THE TASK -> Each entry below needs to be transcribed verbatim; the images should not appear.
★ ★ ★ ★ ★
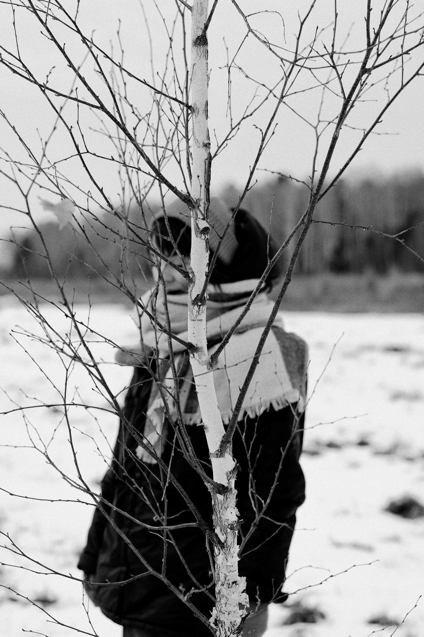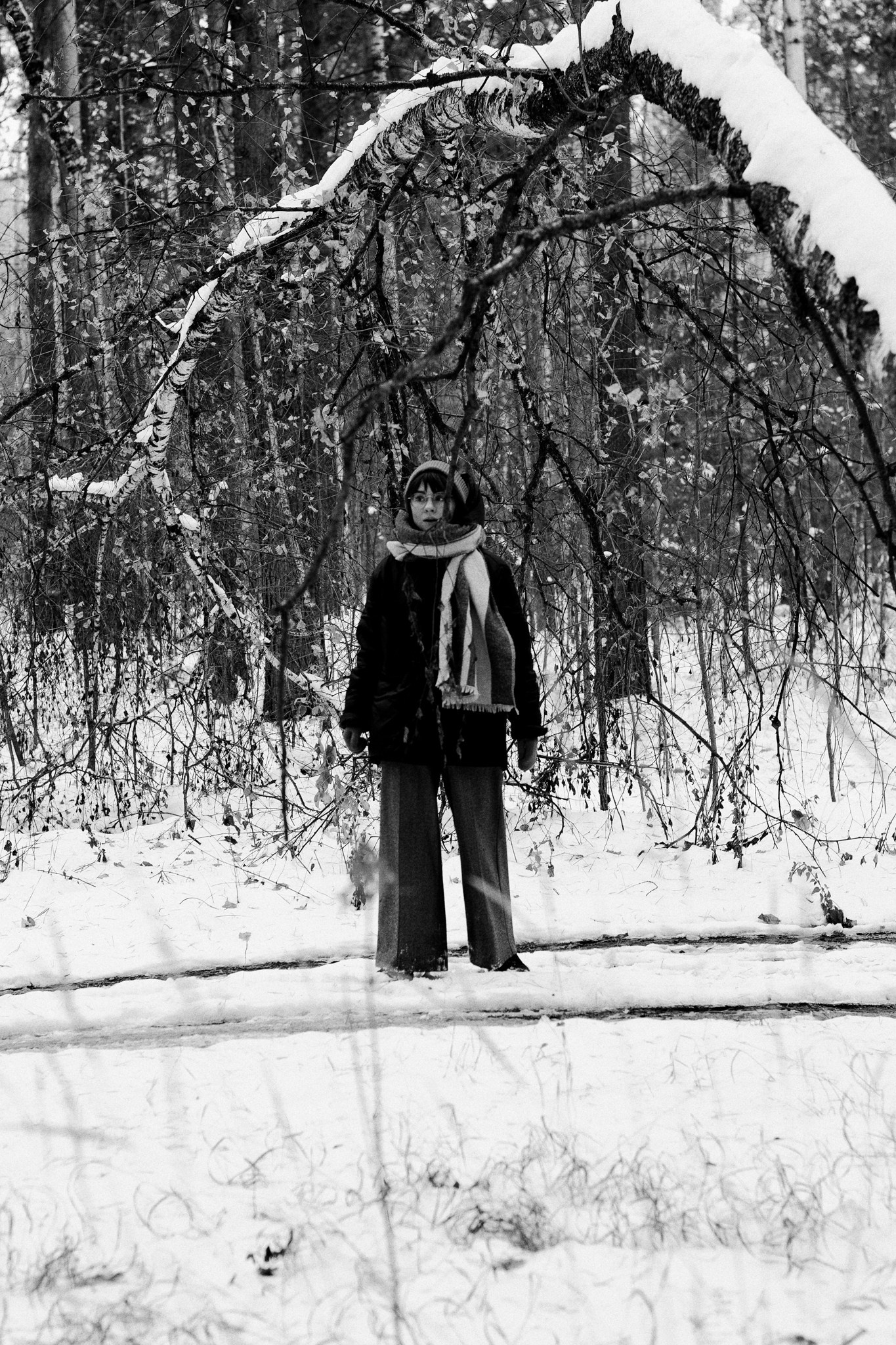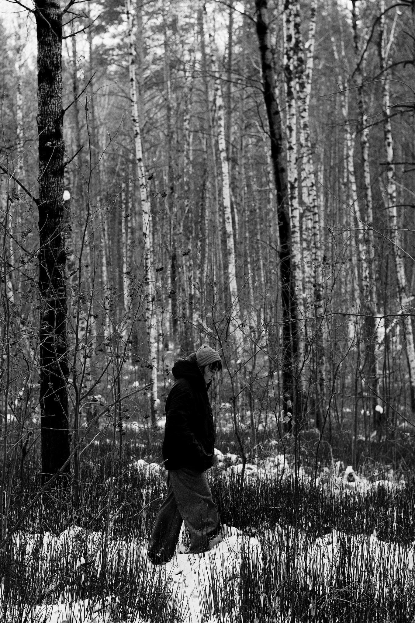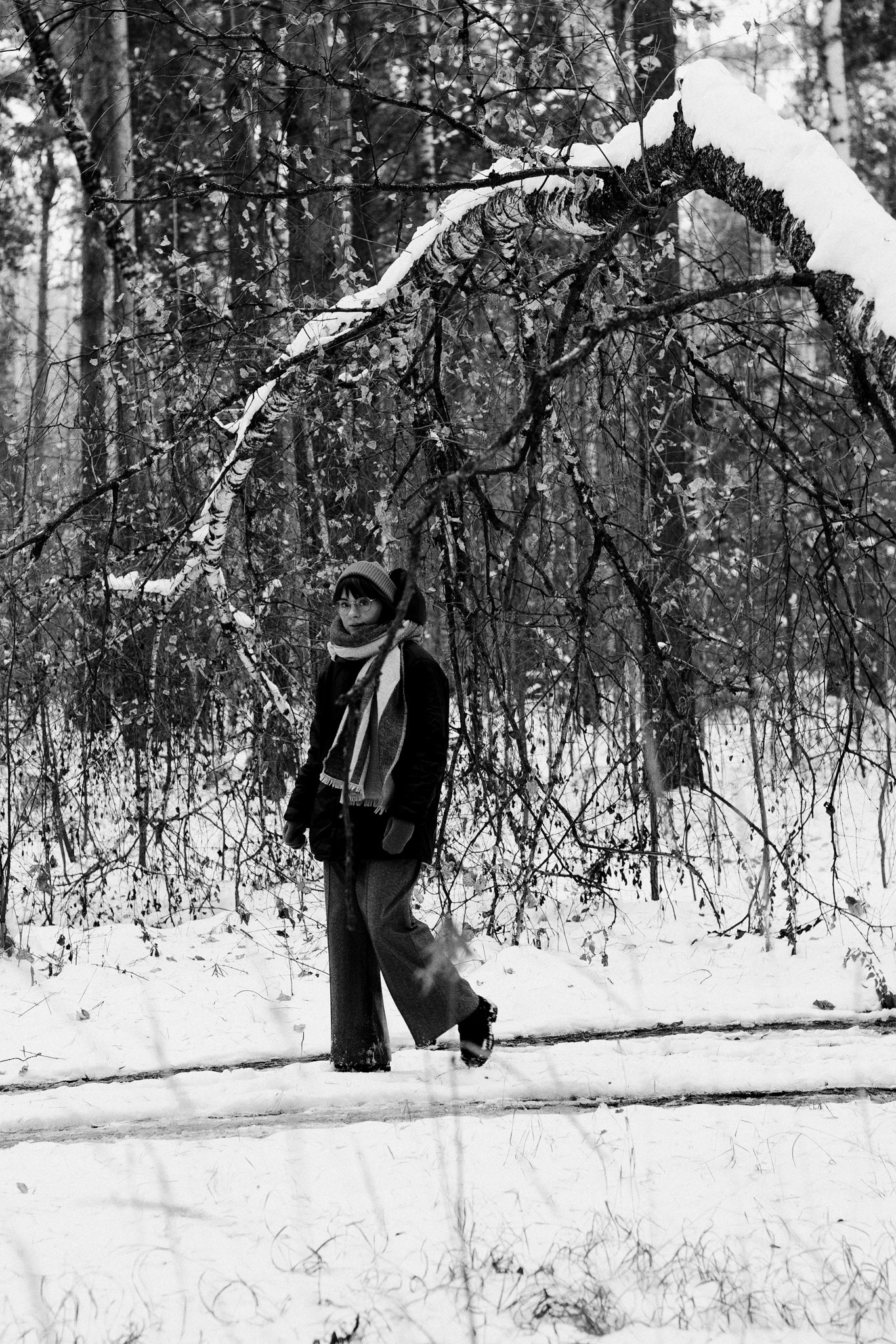 За несколько часов пути вдоль полей и старого кладбища мы очень много болтали. Эти кадры — результат нашей долгой прогулки, приуроченной к её дню рождения. В них — тишина зимнего леса, искренность и капелька праздничного настроения с красным шаром среди леса.
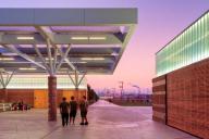 Sasaki在整個項目中融合了可持續(xù)性設(shè)計策略和創(chuàng)新性工程技術(shù)。雨洪管理將水引入主要的景觀區(qū),促進(jìn)滲透而不是流向市政污水處理;拆除的鋪面被回收再利用,用于鋪設(shè)底基層;所有的種植材料的選擇都考慮了生態(tài)適應(yīng)性,采用本土且耐鹽性強(qiáng)的、可用回收水灌溉的植被。建筑和基地照明突出了
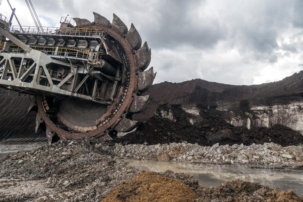 BRAUNKOHLE_SCHAUFELRAD_HAMBACH_JS081 Braunkohle Abraum Tagebau Hambach Rheinisches Braunkohlerevier Bagger Schaufelrad mit 21 Meter Durchmesser Braunkohle Erdreich, geologische Schichten in etwa 250m unter Meeresspiegel , de Tagebau ist Europas groesster, danach soll hier der zweitgroesste See in Deutschland entstehen |
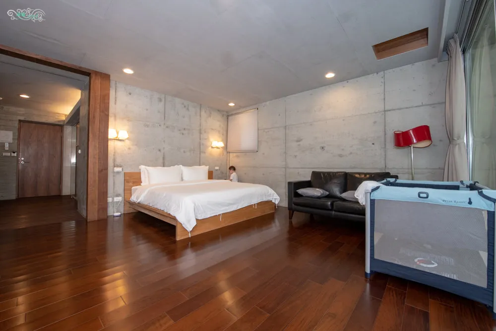 一樓前後有兩個房間,都是相同房型『體現空間』,我們這次入住後面的房間,比前面的房間略小一點點,但還是非常寬敞。雖然同是體現空間,服務人員說每個房間都有他獨特的風格,且每次入住都會特意為你安排不同的房型,讓賓客每次都能有不同且新鮮的體驗。因為我們帶著小凌雲入住,服務人員帶領我們入房後,馬上主動詢問是否有嬰兒床的需求,服務專業度真的很優質。房間內有一組大尺吋的雙人床,以及一組雙人沙發,角落還有一個水泥平台設計的休憩空間,尺寸不小的電視機前,擺放了免費的茶包、咖啡、宜蘭餅以及瓶裝礦泉水,室內拖鞋則是擺放在外面的公共空間,供旅客自行取用。冰箱就位在大門的右手邊,房間內沒有衣櫥,不過有提供掛吊用的衣架。 靜逸舒適的空間設計,寬敞無壓力的環境,住起來非常舒適。
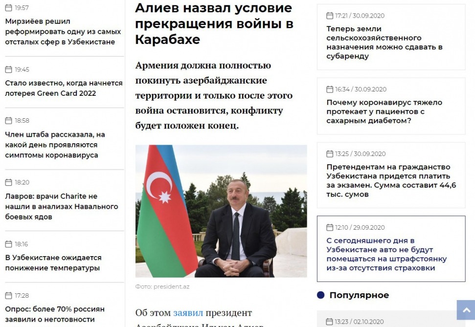 Kun.uz portalı “İlham Əliyev müharibənin dayandırılması şərtlərini elan edib” sərlövhəli məqaləsində Azərbaycan Prezidentinin “Əl-Ərəbiyə” telekanalına müsahibəsindən sitatlar verib.
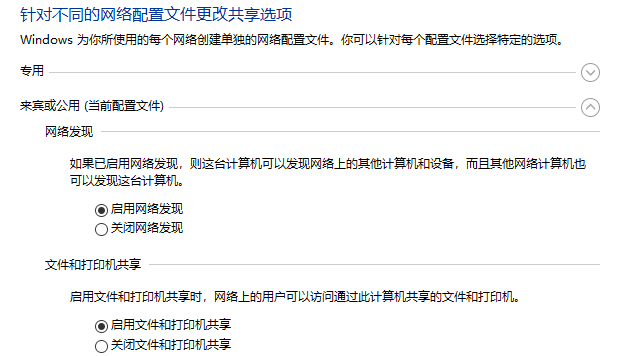 2.启用"网络发现"和"文件和打印机共享",关闭"密码保护共享"(便捷但降低安全性)或设置共享密码(推荐)。
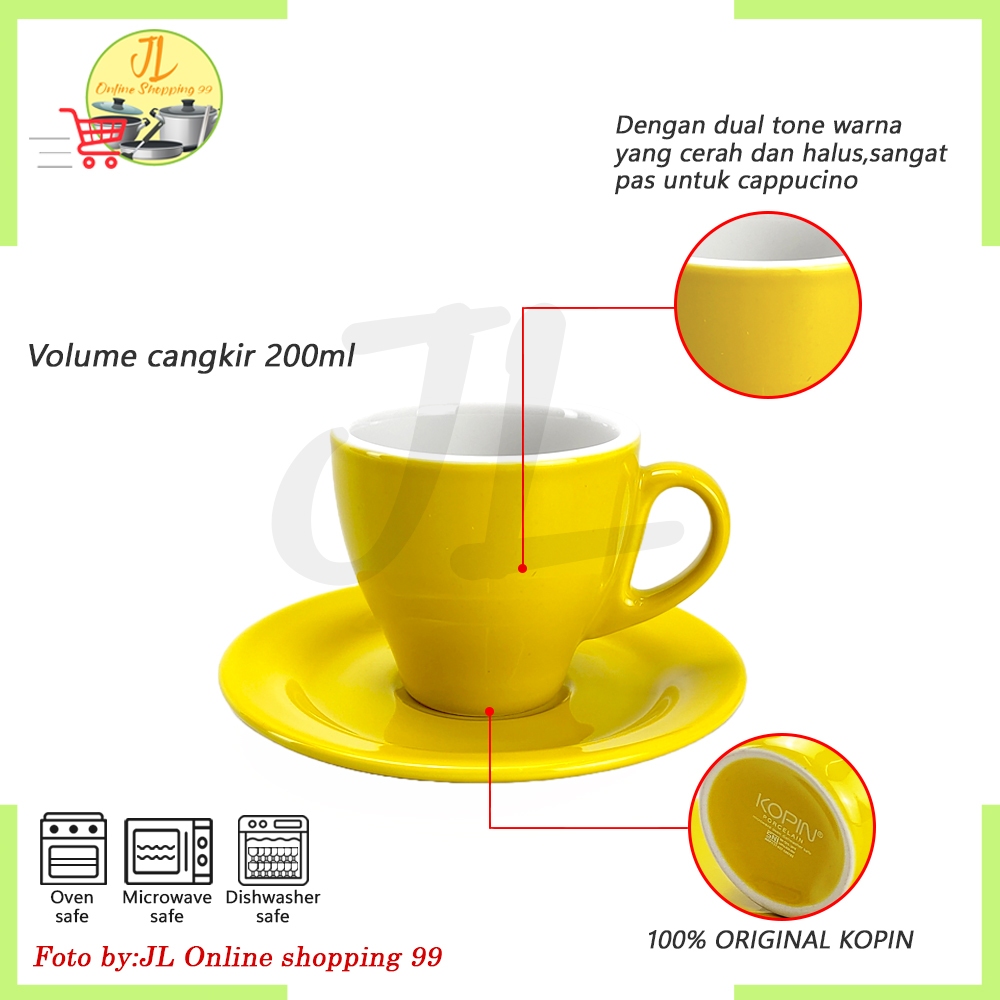 KOPIN cangkir set 6 pasang warna Kuning KPI-01 TWO TONE KOPIN 200CC / tea cup / gelas cappucino
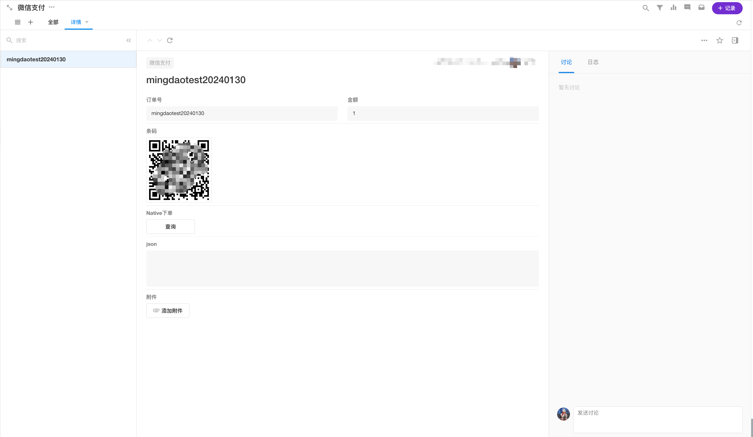 3.在点击测试前,将我们拿到的生成 body 全文参数的值复制填入到我们的 encrypt_content。点击测试后即可查看解密后的结果。商家只需要重新生成一个订单即可验证查看解密内容了。
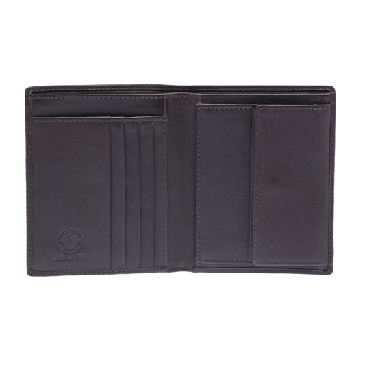 • Этот бумажник оснащен 4 отделениями для кредитных, дебетовых и остальных карт того же размера. Также он содержит 1 боковое и 1 вертикальное отделения для хранения фотографий, календарей и т.д. Отделение, разделенное на две секции, позволяет хранить банкноты в развернутом виде. Большой отдел для монет закрывается с помощью надежных заклепок.
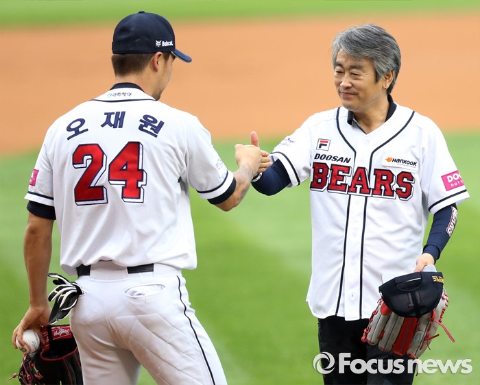 (서울=포커스뉴스) 23일 서울 잠실구장에서 열린 2016 프로야구 kt-두산 경기에서 두산 오재원의 1천 경기 출장 기념식을 갖고 오재원이 시구한 부친 오병현씨와 주먹을 마주치고 있다.
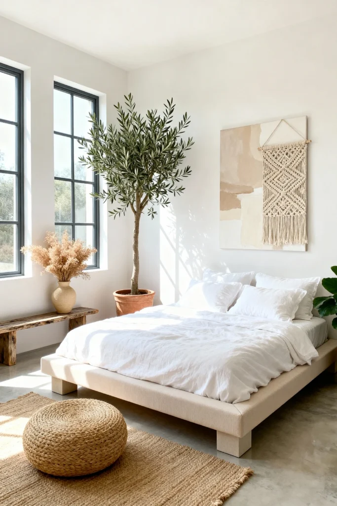 Choose a low-profile, beige upholstered platform bed to keep the room feeling grounded and spacious. Place a beautifully textured, neutral macrame wall hanging above it to add subtle interest. Opt for crisp, breezy white linen bedding to invite pure relaxation. Use a large, weathered terracotta pot to house a stunning, tall olive tree, bringing the outdoors inside. Lay down a natural jute rug and a matching woven pouf to enhance the organic textures. Let the natural sunlight pour through large, black-framed windows to complete this peaceful sanctuary.
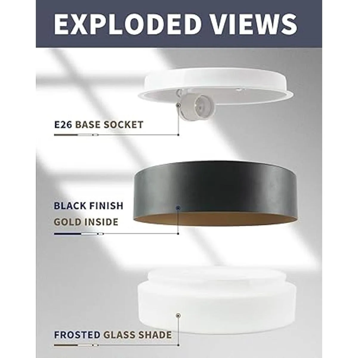 AUTELO Lámpara de techo empotrada, pantalla de vidrio esmerilado de 14 pulgadas cerca del techo en acabado negro, enchufe E26 para sala de estar, pasillo, dormitorio, C3336XS BK
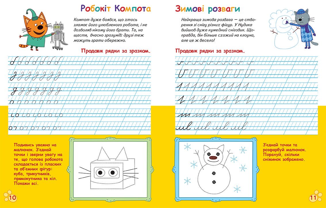 Кожна сторінка набору містить малюнок казкового персонажа Кота, що зацікавлює та надихає дітей на навчання. Крім того, на кожній сторінці є вправи для письма в лінійку, що допомагають розвивати правильний почерк та координацію рухів.
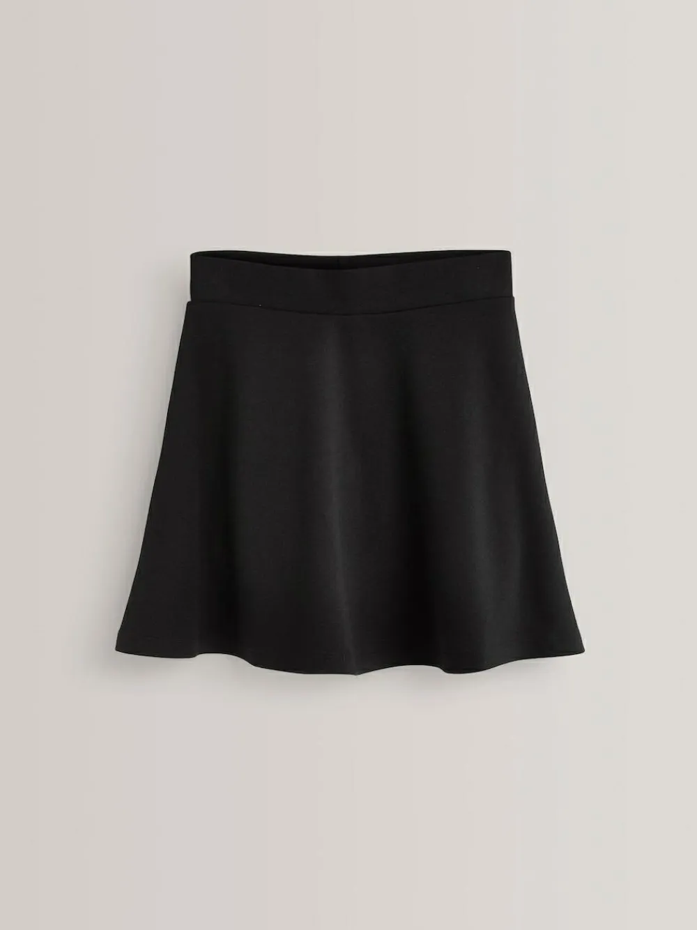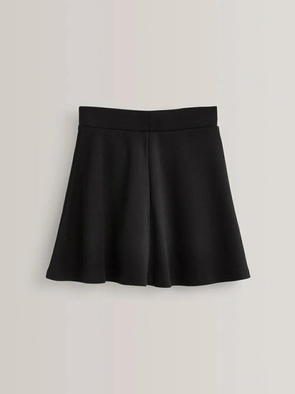 Take the stress out of school mornings with our Dressing Made Easy School Uniform Collection. Featuring pull on trousers, skirts and dresses alongside hidden touch fastenings, printed labels and elasticated waists. Getting ready for school has never been easier.The perfect addition to their school wardrobe. This black skater skort is designed with stretch jersey fabric and a pull on feature for all day comfort and to make dressing in the morning super easy. For extra modesty this skort has an intergrated stretch short. Key Features: Stretchable jersey fabric Skater style skirt Integrated modesty short Pull-on style Machine washable. Skirt 75% Recycled polyester, 22% Viscose, 3% Elastane. Inner 92% Cotton, 8% Elastane.
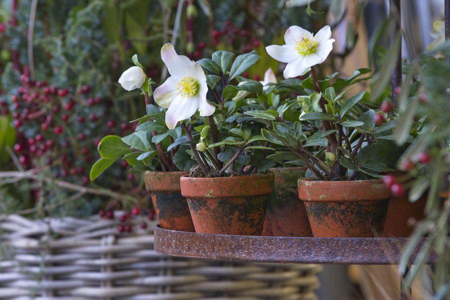 - Advent, Deko, Helleborus, Tontopf
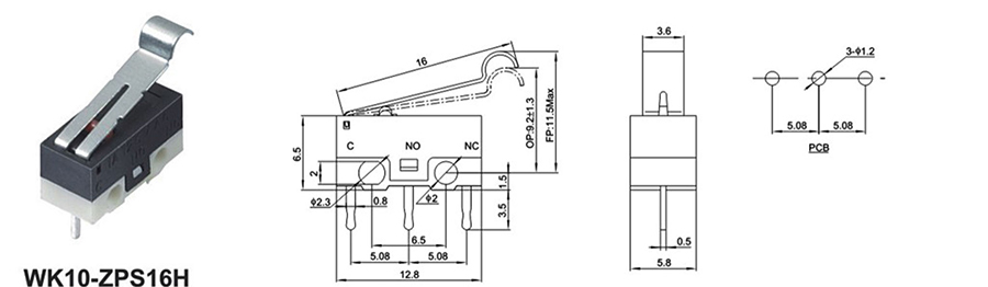 微動開關 | WK10-ZPS16H | 250VDC/125VDC/30VDC | 3(0.5)A | / | / | 1,000,000 cycles | 立即申請 | 下載 |
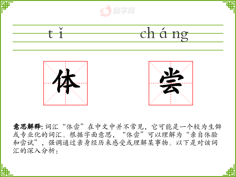 “体尝”的字面意思是通过身体和感官去体验和尝试某事物,强调亲身经历的重要性。
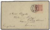 1904 A cover to England, bearing Coiling Dragon 20c claret tied by 'KWANLING' Lunar cds, on reverse with bilingual 'CANTON'
★ ★ ★ ★ ★
ANSWER SPACE ->
 За несколько часов пути вдоль полей и старого кладбища мы очень много болтали. Эти кадры — результат нашей долгой прогулки, приуроченной к её дню рождения. В них — тишина зимнего леса, искренность и капелька праздничного настроения с красным шаром среди леса.
 Sasaki在整個項目中融合了可持續(xù)性設(shè)計策略和創(chuàng)新性工程技術(shù)。雨洪管理將水引入主要的景觀區(qū),促進(jìn)滲透而不是流向市政污水處理;拆除的鋪面被回收再利用,用于鋪設(shè)底基層;所有的種植材料的選擇都考慮了生態(tài)適應(yīng)性,采用本土且耐鹽性強(qiáng)的、可用回收水灌溉的植被。建筑和基地照明突出了
 BRAUNKOHLE_SCHAUFELRAD_HAMBACH_JS081 Braunkohle Abraum Tagebau Hambach Rheinisches Braunkohlerevier Bagger Schaufelrad mit 21 Meter Durchmesser Braunkohle Erdreich, geologische Schichten in etwa 250m unter Meeresspiegel , de Tagebau ist Europas groesster, danach soll hier der zweitgroesste See in Deutschland entstehen |
 一樓前後有兩個房間,都是相同房型『體現空間』,我們這次入住後面的房間,比前面的房間略小一點點,但還是非常寬敞。雖然同是體現空間,服務人員說每個房間都有他獨特的風格,且每次入住都會特意為你安排不同的房型,讓賓客每次都能有不同且新鮮的體驗。因為我們帶著小凌雲入住,服務人員帶領我們入房後,馬上主動詢問是否有嬰兒床的需求,服務專業度真的很優質。房間內有一組大尺吋的雙人床,以及一組雙人沙發,角落還有一個水泥平台設計的休憩空間,尺寸不小的電視機前,擺放了免費的茶包、咖啡、宜蘭餅以及瓶裝礦泉水,室內拖鞋則是擺放在外面的公共空間,供旅客自行取用。冰箱就位在大門的右手邊,房間內沒有衣櫥,不過有提供掛吊用的衣架。 靜逸舒適的空間設計,寬敞無壓力的環境,住起來非常舒適。
 Kun.uz portalı “İlham Əliyev müharibənin dayandırılması şərtlərini elan edib” sərlövhəli məqaləsində Azərbaycan Prezidentinin “Əl-Ərəbiyə” telekanalına müsahibəsindən sitatlar verib.
 2.启用"网络发现"和"文件和打印机共享",关闭"密码保护共享"(便捷但降低安全性)或设置共享密码(推荐)。
 KOPIN cangkir set 6 pasang warna Kuning KPI-01 TWO TONE KOPIN 200CC / tea cup / gelas cappucino
 3.在点击测试前,将我们拿到的生成 body 全文参数的值复制填入到我们的 encrypt_content。点击测试后即可查看解密后的结果。商家只需要重新生成一个订单即可验证查看解密内容了。
 • Этот бумажник оснащен 4 отделениями для кредитных, дебетовых и остальных карт того же размера. Также он содержит 1 боковое и 1 вертикальное отделения для хранения фотографий, календарей и т.д. Отделение, разделенное на две секции, позволяет хранить банкноты в развернутом виде. Большой отдел для монет закрывается с помощью надежных заклепок.
 (서울=포커스뉴스) 23일 서울 잠실구장에서 열린 2016 프로야구 kt-두산 경기에서 두산 오재원의 1천 경기 출장 기념식을 갖고 오재원이 시구한 부친 오병현씨와 주먹을 마주치고 있다.
 Choose a low-profile, beige upholstered platform bed to keep the room feeling grounded and spacious. Place a beautifully textured, neutral macrame wall hanging above it to add subtle interest. Opt for crisp, breezy white linen bedding to invite pure relaxation. Use a large, weathered terracotta pot to house a stunning, tall olive tree, bringing the outdoors inside. Lay down a natural jute rug and a matching woven pouf to enhance the organic textures. Let the natural sunlight pour through large, black-framed windows to complete this peaceful sanctuary.
 AUTELO Lámpara de techo empotrada, pantalla de vidrio esmerilado de 14 pulgadas cerca del techo en acabado negro, enchufe E26 para sala de estar, pasillo, dormitorio, C3336XS BK
 Кожна сторінка набору містить малюнок казкового персонажа Кота, що зацікавлює та надихає дітей на навчання. Крім того, на кожній сторінці є вправи для письма в лінійку, що допомагають розвивати правильний почерк та координацію рухів.
 Take the stress out of school mornings with our Dressing Made Easy School Uniform Collection. Featuring pull on trousers, skirts and dresses alongside hidden touch fastenings, printed labels and elasticated waists. Getting ready for school has never been easier.The perfect addition to their school wardrobe. This black skater skort is designed with stretch jersey fabric and a pull on feature for all day comfort and to make dressing in the morning super easy. For extra modesty this skort has an intergrated stretch short. Key Features: Stretchable jersey fabric Skater style skirt Integrated modesty short Pull-on style Machine washable. Skirt 75% Recycled polyester, 22% Viscose, 3% Elastane. Inner 92% Cotton, 8% Elastane.
 - Advent, Deko, Helleborus, Tontopf
 微動開關 | WK10-ZPS16H | 250VDC/125VDC/30VDC | 3(0.5)A | / | / | 1,000,000 cycles | 立即申請 | 下載 |
 “体尝”的字面意思是通过身体和感官去体验和尝试某事物,强调亲身经历的重要性。
 1904 A cover to England, bearing Coiling Dragon 20c claret tied by 'KWANLING' Lunar cds, on reverse with bilingual 'CANTON'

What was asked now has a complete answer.